The conversation turns to weather modification potential, with Begich explaining how ionospheric heating can redirect normal wind patterns across vast areas. With no biologists assigned to the project and no international treaties governing electromagnetic warfare, Art Bell and Begich question whether adequate safeguards exist for a technology whose full consequences remain unknown.

Key Moments

  1. What HAARP is: joint Air Force and Navy ionospheric weapon: Begich defines HAARP as the High Frequency Active Auroral Research Project - a jointly operated Air Force and Navy facility about 250 miles northeast of Anchorage. He frames it as effectively a ground-based Star Wars weapons technology project that needs a northern site where magnetic lines of force come closest to Earth.

  2. 48 antennas now, 360 in the full array: Begich gives the precise build-out: the developmental prototype is 48 antennas, 18 of which were activated last year and the full 48 this year, with November tests done and January tests upcoming. The eventual design target is 360 antennas in a single array at the one facility.

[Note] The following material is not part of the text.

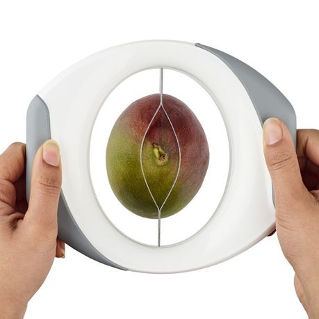 The practical mango slicer cores, cuts and peels the mango in seconds. The micro-serrated stainless steel blade cuts through the mango with ease and leaves only the core. The blade shape is perfect for different sizes of cores. The soft-touch handle for a good and secure hold. Dishwasher-safe.
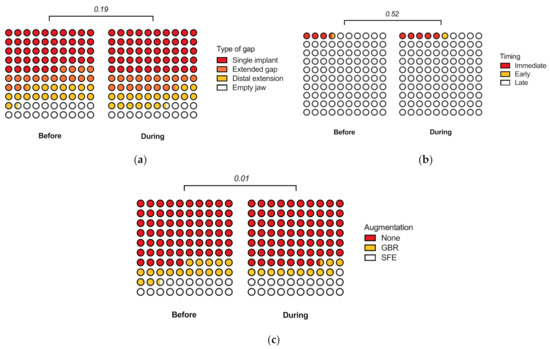 There were 469 implants placed without bone augmentation (67%), 82 implants placed with guided bone regeneration (12%), and 145 implants placed with sinus floor elevation (21%) during the pandemic, compared with 783 implants placed without bone augmentation (35%), 213 implants placed with guided bone regeneration (18%), and 208 implants placed with sinus floor elevation (17%) before the pandemic (p = 0.01) (Figure 3c). Taken together, the data suggest a significant difference in the use of bone augmentation, but no differences were found between the types of edentulous spaces as well as the timing of implant placements performed during and before the pandemic.

  3. 100 billion watts at the ionosphere, ELF submarine communication: Begich describes HAARP pulsing high-frequency energy - potentially up to 100 billion watts - into the ionosphere to make it act as a giant antenna in the sky, re-radiating in the extremely low frequency range to penetrate Earth and sea for submarine communication and Earth-penetrating tomography (funded under non-proliferation/counter-proliferation).

  4. Over-the-horizon radar and SDI knockdown: Begich lists further military applications spelled out in patents and planning documents: over-the-horizon radar around the curvature of Earth, identifying which incoming objects carry nuclear payloads, and generating enough power to potentially knock those objects out of the sky. He notes a Moscow article in 21st Century magazine openly described the same phased-array approach as ground-based SDI.